Da einige Bürgerrechtsorganisationen der Meinung sind, dass auch nach einer inzwischen erfolgten Änderung des BND-Gesetzes Journalisten weiterhin nicht ausreichend vor Überwachung durch den BND geschützt sind, wird sich das BVerfG demnächst womöglich erneut mit der Thematik befassen.
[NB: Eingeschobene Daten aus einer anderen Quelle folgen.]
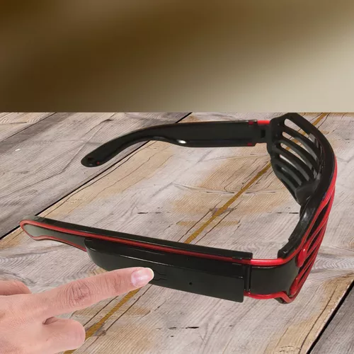 A szemüveg keretén végigfutó LED csík világítása szabályozható - a folyamatos világítás mellett, lassú vagy gyors villogás is választható, amiket a kedved szerint állíthatsz a jobboldali száron található tápon és zavaró vezeték sincsenek!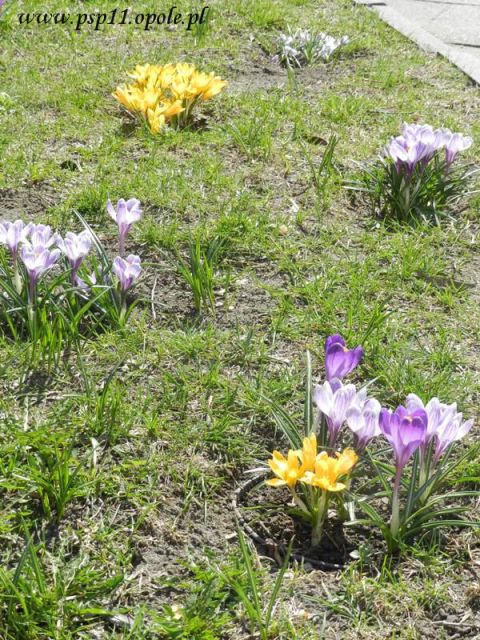 Przed szkoła wreszcie zakwitły krokusy. Czekaliśmy na nie z utęsknieniem, wiedząc, że są pierwszymi zwiastunami długo oczekiwanej w tym roku wiosny. Nareszcie zrobiło się cieplej, więc i w przyrodzie wiele zmian i wszystko budzi się do życia.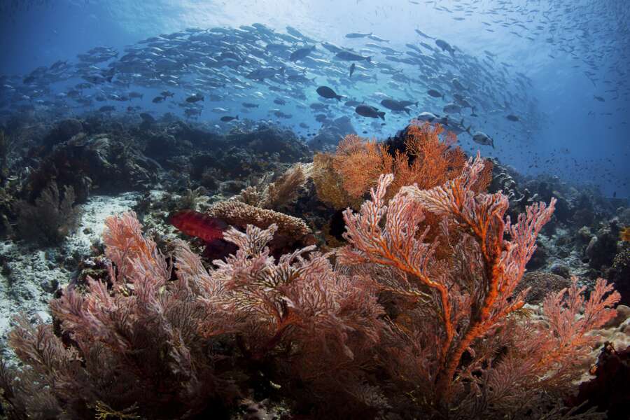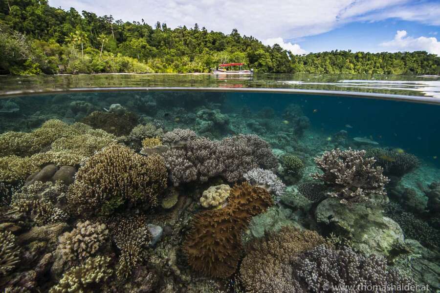 Die Gewässer blieben bis heute von Korallenbleiche wie auch vor massiver Befischung verschont. Raja Ampat’s Unterwasserwelt beherbergt nicht nur einige der wohl schönsten und dichtesten Korallenriffe der Welt, auch die Vielfältigkeit der Flora und Fauna ist kaum erreicht. Ein australischer Biologe zählte während eines einzigen Tauchgangs vor Kri Island über 280 Fischarten! Der gesunde Fischbestand ist mit enormen Schwärmen von Makrelen, Schnappern, Barrakudas, Füsilieren, Süßlippen- und Fledermausfischen stets präsent. Um die Insel Kri taucht man häufig mit Großfischen wie Mantas, Mobulas, Wobbegongs oder Riffhaien, und natürlich ist auch die gesamte Palette an Makroraritäten anzutreffen. Fünf Arten von PygmäenSeepferdchen, unzählige Nacktschnecken, Oktopusse und viele Skorpionfischarten und andere «Critters» sind sowohl am Riff als auch bei typischen «Muck Dives» anzutreffen. Die Tauchgründe um Misool sind in ihrer Pracht nicht weniger spektakulär. Vielleicht ist die dichte an Fischschwärmen und größeren Fischen nicht ganz so hoch wie bei Kri. Dadurch findet man jedoch etwas mehr Raum, den Umfang der Makrowelt und der Korallenpracht zu wahrzunehmen, welche gar noch ausgeprägter sein mag als weiter nördlich. Raja Ampat genießt zu Recht einen enorm hohen Stellenwert in der Meeresbiologie und bei Naturschutzorganisationen. Die Elite der professionellen Unterwasserfotografie schwärmt in den höchsten Tönen über die Tauchgründe und kaum ein Gast kann diese Begeisterung nicht mit ihnen teilen. Große Teile des Archipels stehen heute unter Naturschutz. Dies nährt die Hoffnung, dass die Tauchgründe Raja Ampats noch viele Jahre so ursprünglich und intakt bleiben werden.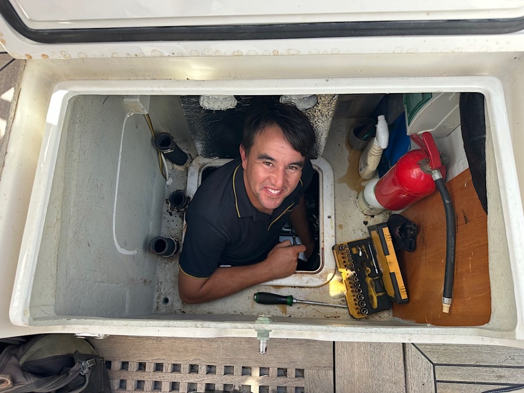 Beim Generator scheint der Wasserabscheider zum Glück doch in Ordnung zu sein, nach seinem Ausbau (er sitzt in der Backskiste) kommen wir außerdem besser an die Rückseite des Generators heran. Mechaniker Byron findet dann allerdings einen übel aussehenden Wärmetauscher am Generator.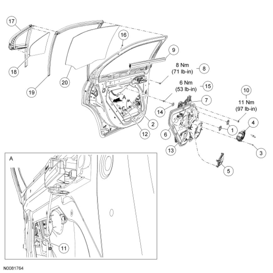 Glass, Frames and Mechanisms - Exploded View, Rear Door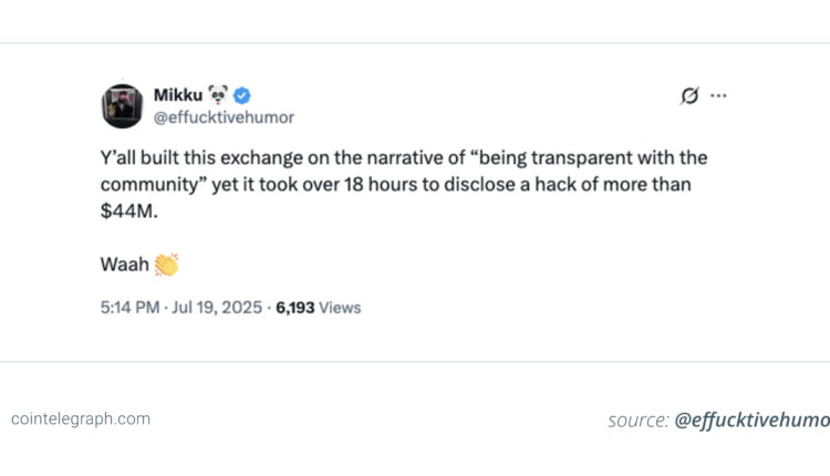 Many in the crypto community were frustrated at CoinDCX’s slow reporting, especially as the organization claims to keep a strong public stance on transparency. Community comments include, “Y’all built this exchange on the narrative of ‘being transparent with the community,’ yet it took over 18 hours to disclose the hack of more than $44 million.”

Bereits am kommenden Mittwoch erwartet den BND ein Urteil des Bundesverwaltungsgerichts. Reporter ohne Grenzen klagt gegen den BND bzw. die Bundesrepublik im Zusammenhang mit der Quellen-Telekommunikationsüberwachung und verlangt von dem Dienst, darauf zu verzichten (Az. BVerwG 6 A 1.22 25). Bei der Quellen-TKÜ wird in einem ersten Schritt ein "Staatstrojaner" auf einem Laptop oder auf ein Telefon aufgespielt. Mit Hilfe dieser Software können dann Nachrichten mitgelesen werden, und zwar bevor sie verschlüsselt werden, sozusagen an der Quelle.
Ob nunmehr die umstrittene Zusammenarbeit des BND mit Journalisten eines Tages ebenfalls Gegenstand einer gerichtlichen Klärung wird, bleibt abzuwarten.